For sure, Abrams isn’t breaking any ground with his light and lively tale. There’s not a minute’s pretense in it, a charge that can be held against too many recent offerings. Thank the Gods of Music for that.
Bobby (Cory Cott), an ambitious fellow, is the singer for a band but earns his keep toiling at an established box-manufacturing company where he hopes to become top salesman. Torn between music and salesmanship, he gets in trouble splitting his time. Leaving his four-man group to prosper (or not) as a three-man group (F. Michael Haynie, Raymond J. Lee, John-Michael Lyles), he meets trouble irritating Stone-Box-boss Stone (John Dossett).
Ignoring advice from company chum Paige (Zoe Jensen) and dating pals Roz (Tamika Lawrence) and Wyatt (Josh Breckenridge), Bobby is further caught in his internal tug-of-war. An increasing distraction is Stone’s appealing but not sufficiently confident daughter Cassandra (McKenzie Kurtz), who’s being wooed by monied, sold-on-himself Princeton grad Tucker (Billy Harrigan Tighe).
Perhaps there’s no need to go on about the storyline’s pushes and pulls. Along the way to the finale, which gives optimum power to “The Power of Love,” there’s not much worry over how things will end. That eventuates when Bobby must decide to honor the contract he signed with Stone Box or the one he signed with Chrysalis Records.
There is an act-two sequence, however, where Bobby talks about a difficult and regretful relationship with his father. It takes only a few minutes but successfully deepens the musical’s mood while not at all jarring what’s come before or what follows. Bookwriter Abrams deserves favorable comment on that.
Also deserving credit for his sensitivity is Cott as he plays Bobby’s reflective moment. Looking for much of the show as if he’s just come from pressing weights, Cott dispenses not only rock’n’roll grit but leavens it with an unpushed charm matched by the entire cast, especially Kurtz, Dossett, Jensen, Lawrence, Breckenridge, and even Tighe at Tucker’s worst moments.
Choreographer Latarro — only just finished with her hunky-dory work on The Who’s Tommy work — opens the second act with a demanding work-out routine. Not that all her routines don’t demand her dancers to expend their utmost. There’s one that even has the terpers joyfully stomping on bubble wrap. Talk about inspiration.
In addition to “The Power of Love,” what other Huey Lewis and the News Top 40ers are on hand (and foot)? Too many to list here, but the title tune, naturally, and likely any others a die-hard fan would want to hear, all lovingly attacked by conductor Will Van Dyke and a bubbly (bubble-gummy?) rock band.

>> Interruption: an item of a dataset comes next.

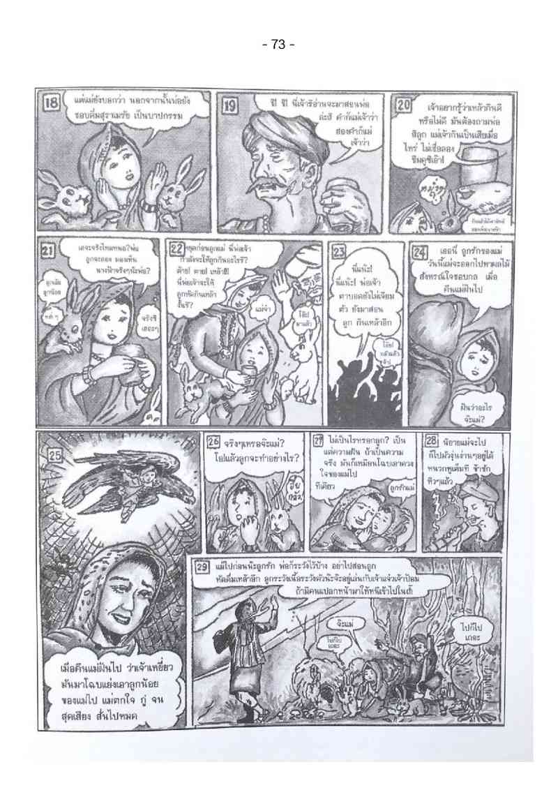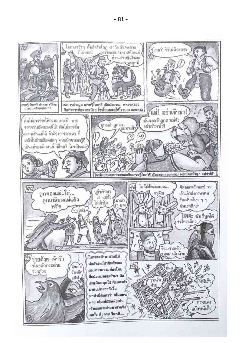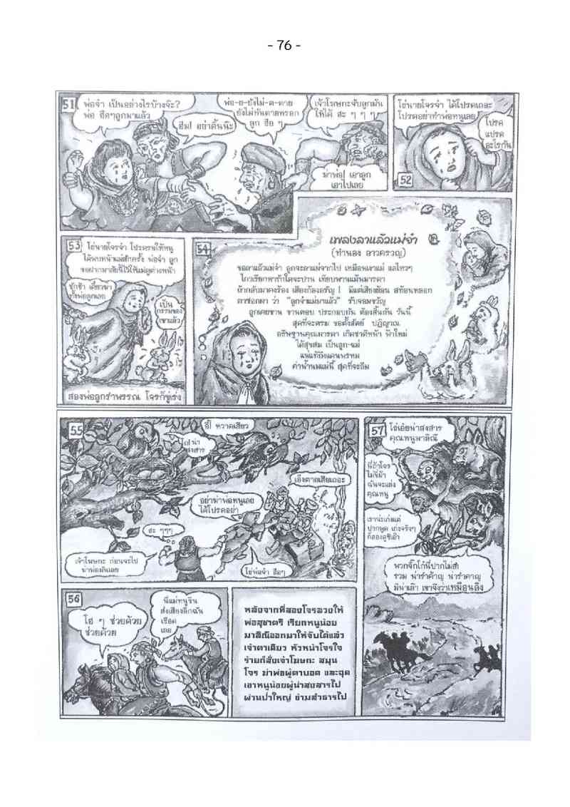 แม่ไปก่อนน๊ะลูกรัก พ่อก็ระวังไว้บ้าง อย่าไปสอนลูกหัดดื่มเหล้าอีก ลูกระวังเนื้อระวังตัวน๊ะจ๊ะ อยู่เล่นกับเจ้าแจ๋วเจ้าป้อม ถ้ามีคนแปลกหน้ามา ให้หนีเข้าไปในถ้ำ |

Without any of the other members of the creative team giving the impression they’re attempting to knock off the audience’s socks, set designer Derek McLane, lighting designer Japhy Weideman, sound designer John Shivers, and costume designer Jen Caprio come through like loyal pals.
A note to costumer Caprio: Princeton’s colors are orange and black. No Princeton blazer would be orange and blue, as they are here. The heart of any gung-ho Princeton man or woman (aren’t they all gung-ho?) confronted with an orange and blue blazer might instantly stop beating.